Dennis Puent is 54 years old, a father to three kids, and has been deaf his whole life. He grew up in a fully-hearing family, except for one distant cousin on his father’s side of the family who is also deaf. Not only was Dennis the only one in his family that was deaf, but he was also the only deaf child out of nine siblings.

Imagine a household with ten loud children. There is screaming from room to room about what to play next, who is where, when is dinner, and all the chaotic noise that comes with a big family. There is fighting at the dinner table and important conversations before bed, but no way to understand any of this. Imagine the frustration of not being able to communicate with your own family. The natural reaction for most people in this situation seems to be the acceptance of loneliness and isolation, or to designate oneself in an outcast position from your own family. It feels logical for this type of situation to be followed up with a sad story about a disadvantage that led to trauma in Dennis’ life. However, it is actually the exact opposite for Dennis. It led to his success.

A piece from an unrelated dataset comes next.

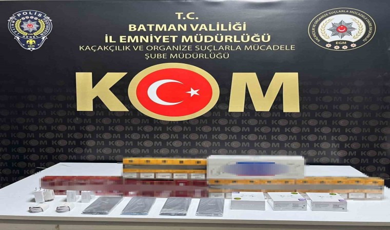 Batman’da İl Emniyet Müdürlüğü Kaçakçılık ve Organize Suçlarla Mücadele Şubesi ekipleri tarafından düzenlenen operasyonda, bin 571 paket sigara, 17 şişe ve 136 kutu içki, 4 cep telefonu, 3 şarj başlığı ve kablosu ile 3 kulaklık ele geçirildi.

Dennis’ siblings and both of his parents only spoke English. They never learned ASL for him. Dennis did not accept being left out of the family and their conversations though. With the only way for him to communicate with his family being English, he had to work hard to adapt in order to communicate with them. “My great grandparents moved to America from Germany so me and my cousin are the first ones deaf in my family. But now my kids are deaf, so we are a first-generation deaf family. My mom taught me how to speak and how to make words with my mouth. All of my family talked, and I had to work really hard to learn to lip read” Dennis detailed as he described the feeling of being the first one deaf in his whole family. Over time, his mom was able to help him out and teach him English and how to read lips. This was one of the most difficult challenges Dennis has ever faced, but he did it. He learned how to speak English and read lips, not because it was easy, but because it was his only choice.

Forced Adaption to a Hearing World

The growth and adaption that most people of the deaf community have to go through is often not by choice. Unfortunately, the world is not always fair. It does not adapt to people, people adapt to it, and in the United States especially, a majority of the opportunities, experiences, and jobs provided involve working in the English language. American Sign Language is a language like no other. A lot of people get caught up in thinking that ASL is directly translated from English and that deaf people, who use ASL, also know English because they are thinking it in their head as they are speaking ASL. This is not true. ASL is its own language. For the deaf community, learning English is like learning a completely new language, not just learning to read lips. Most of the time, learning another language is a choice made by the person because of who they surround themselves with or what language they immerge themselves in. For the deaf community, they are immerged in other languages from hearing people all the time. Learning English and learning to read lips is an adaption that a lot of them are forced to make almost every single day.

The most impressive part of all the forms of adaption, learning, and progression that Dennis has had to go through is not even the intense knowledge, time, and practice that it took him to adjust to the flow of the hearing world. It is the attitude that he carries through it all. It is not an attitude of anger toward the world or unfairness, but an attitude of acceptance and gratefulness. While this may not be everyone’s experience and attitude toward it all, this is Dennis’ viewpoint of the forced adaption that he has had to make. He has had to learn a lot and has been forced to learn different forms of communication, but he has done it all with a positive outlook. Being deaf is not a disadvantage to him, it is just how he was born. He wants other people to see this and accept this as well.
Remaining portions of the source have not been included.